I suspect it means: the spreadsheet we use has a locked tab and we can’t inspect or alter the formula that Joe blogs concocted.

factsnotfiction
6 months ago

Arguably, the measure of the rigor of a field of science is its ability to accurately predict, but as Feynman once said “a computer model is a hypothesis, a guess”. Thus, scientists need to find other ways to validate a computational model in the absence of a physical system that they can use to test its predictions.
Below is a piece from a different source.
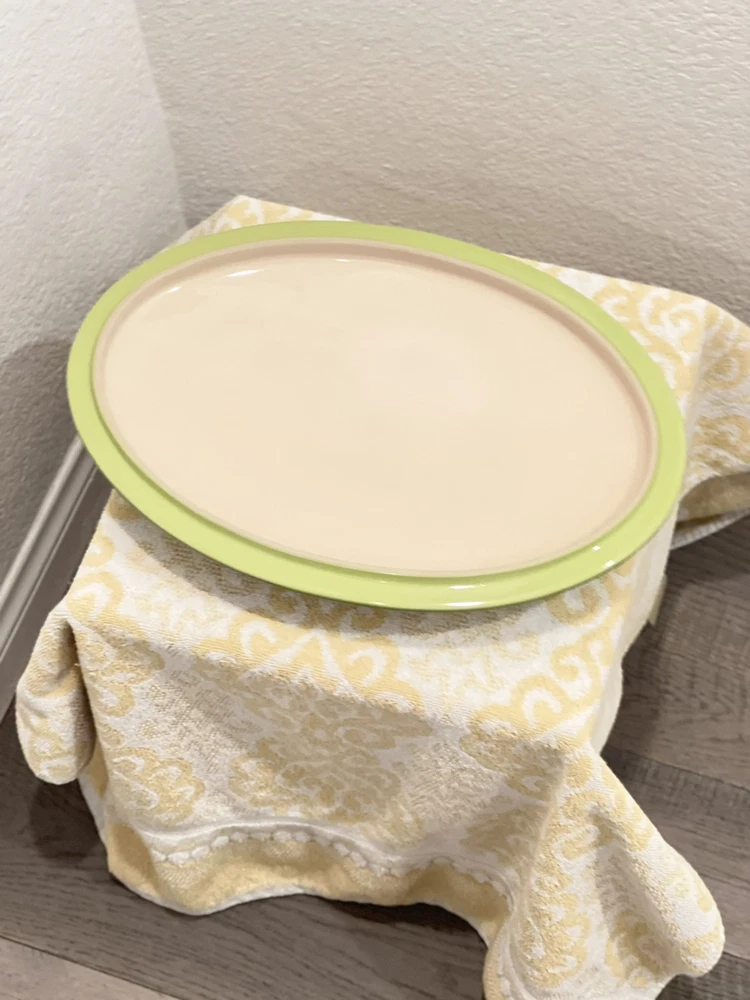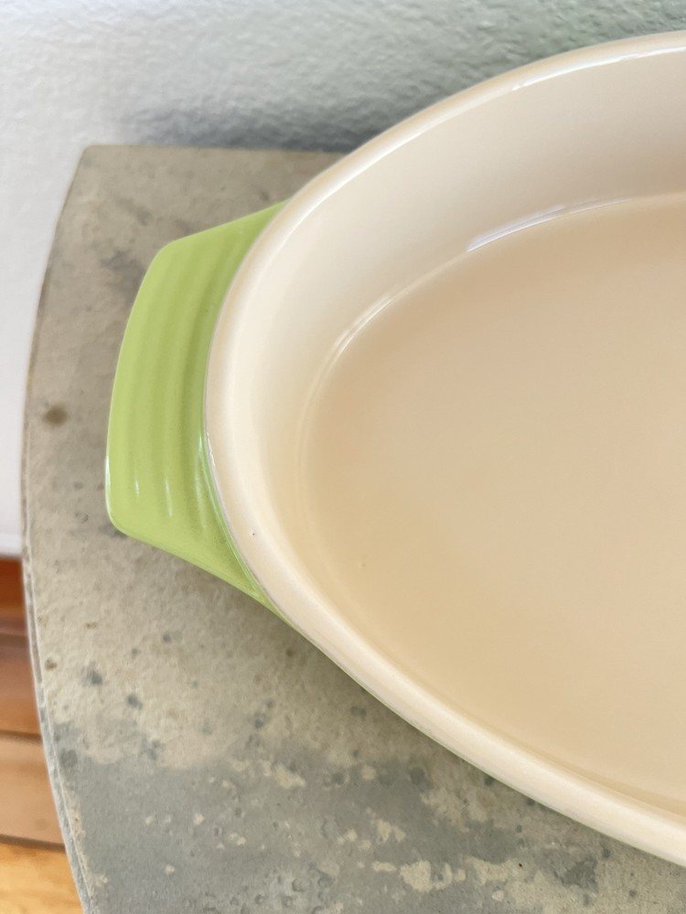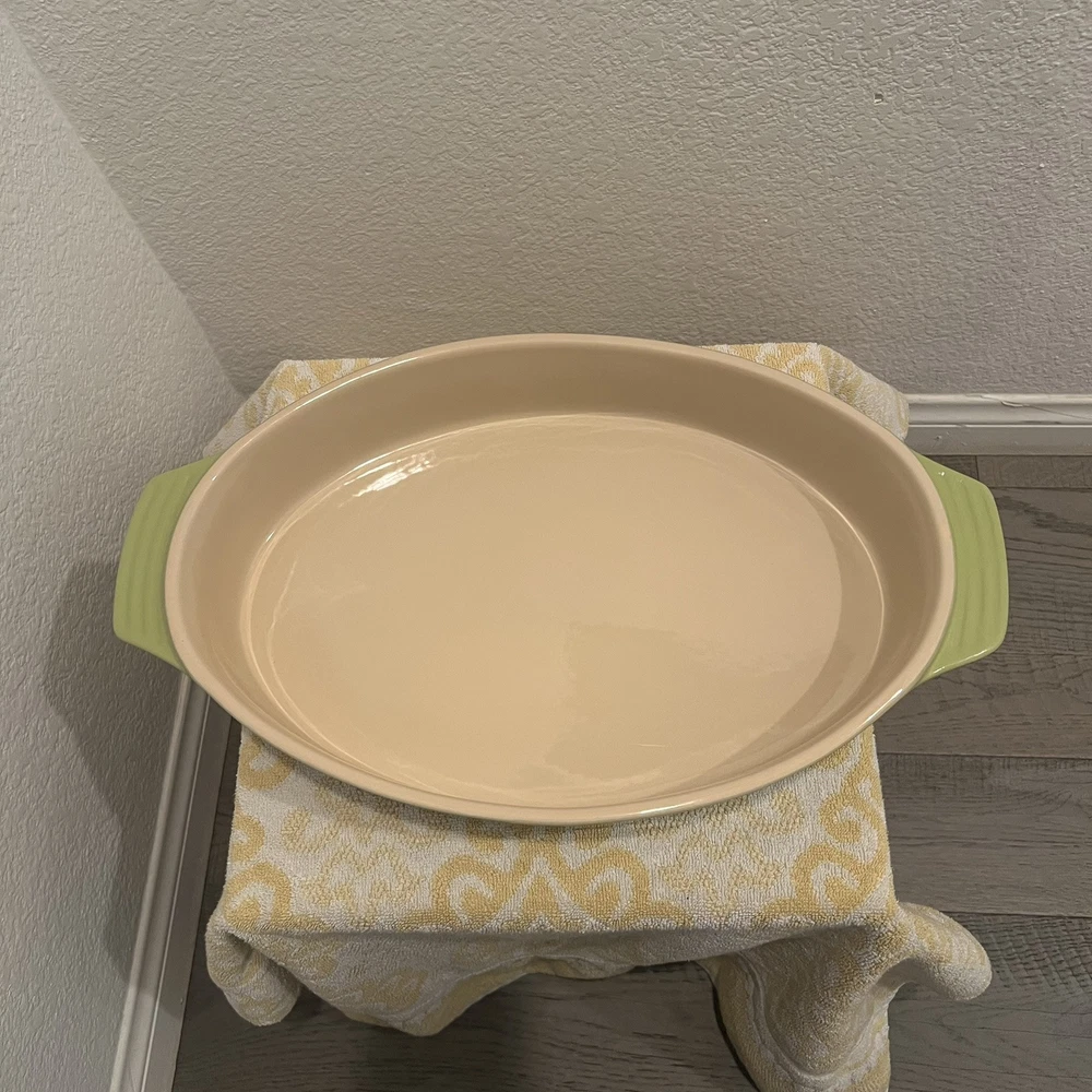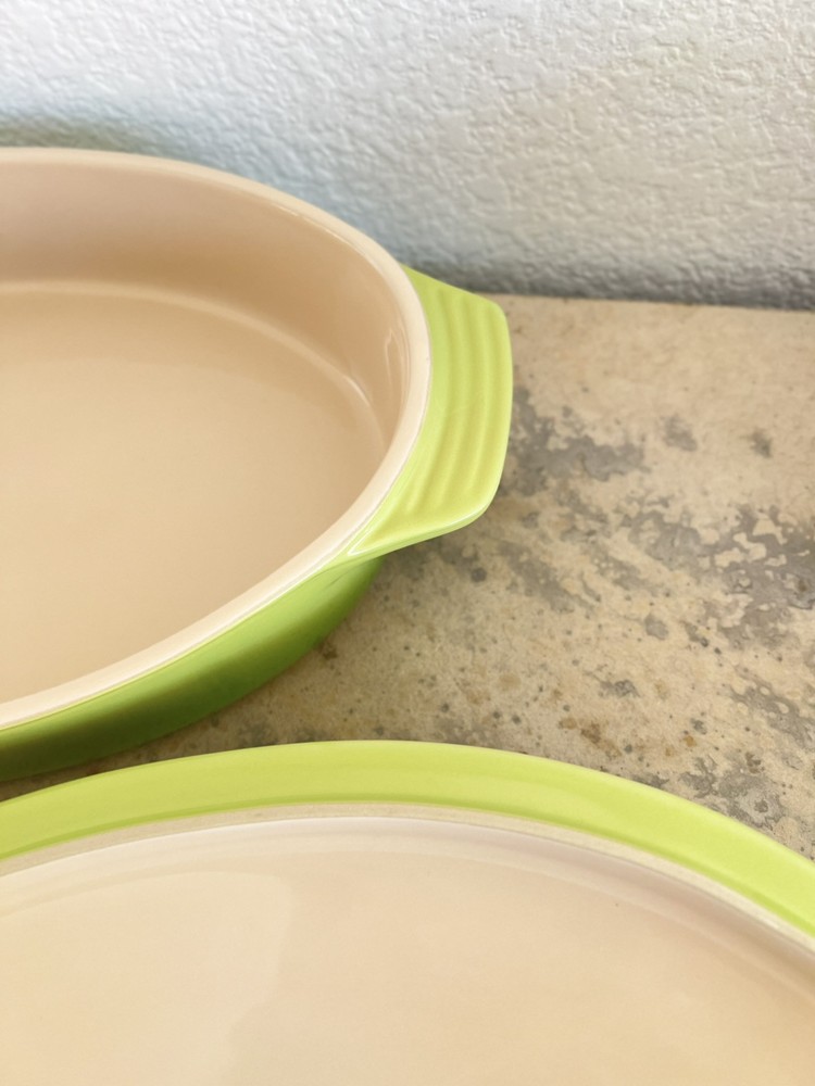 The vintage 2015 36cm Le Creuset Plam Kiwi Green color oval covered baker with lid is a two-piece set that includes a ceramic surface coating made of enamel and stone. It is compatible with induction, gas, and electric stove types and has a unique oval shape. Preowned never used no original packaging

This is true for virology, genomics, climate, cosmology, economics, evolution….etc.

Over a decade ago, there was a massive problem with this (and there continues to be) in the over-funded (pseudo) sciences of virology and genomics – all about the guesses of undersubscribed, error strewn models loaded with untested assumptions about systems far more complex than they can model accurately.

Computer modelling, then, in these contexts is and always will be junk science.

SimCS
6 months ago

“the Met Office has been unable to back up its widely promoted “well-correlated stations” explanation”, In other words, they lied!

GroundhogDayAgain
6 months ago

I thought the RCP8.5 scenario had a very low likelihood, but it appears they’re relying on it.

You can drive a bus through those 2070 temperature projections. 1 to 4.5 (winter); 1 to 6 (summer); 4 to 7 (hot days).

Also note the weasely ‘up to’ for the 30% and 60% figures. Zero fits in that range.

Covid-1984
Covid-1984
6 months ago

How are these lying cretins still employed?. Jail time is appropriate.

marebobowl
marebobowl
6 months ago

I have written to the met office twice regarsing the chem trails I have witnessed daily in East Devon….right down the street from the met office in Exeter.

their response on both occasions was a denial there was such a thing as chemtrails and then went on for three pages to explain what I was seeing were CONTRAILS!!!!! They also mentioned that “chem trails” were a CONSPIRACY THEORY.

Not too long after, your own gov’t admitted to manipulating the weather. I am astounded that a gov’t agency funded by taxpayer money is allowed to blatantly lie!

the chem trails continue although it appears much of it is done at nighttime so those citizens concerned about what is being sprayed, cannot see it.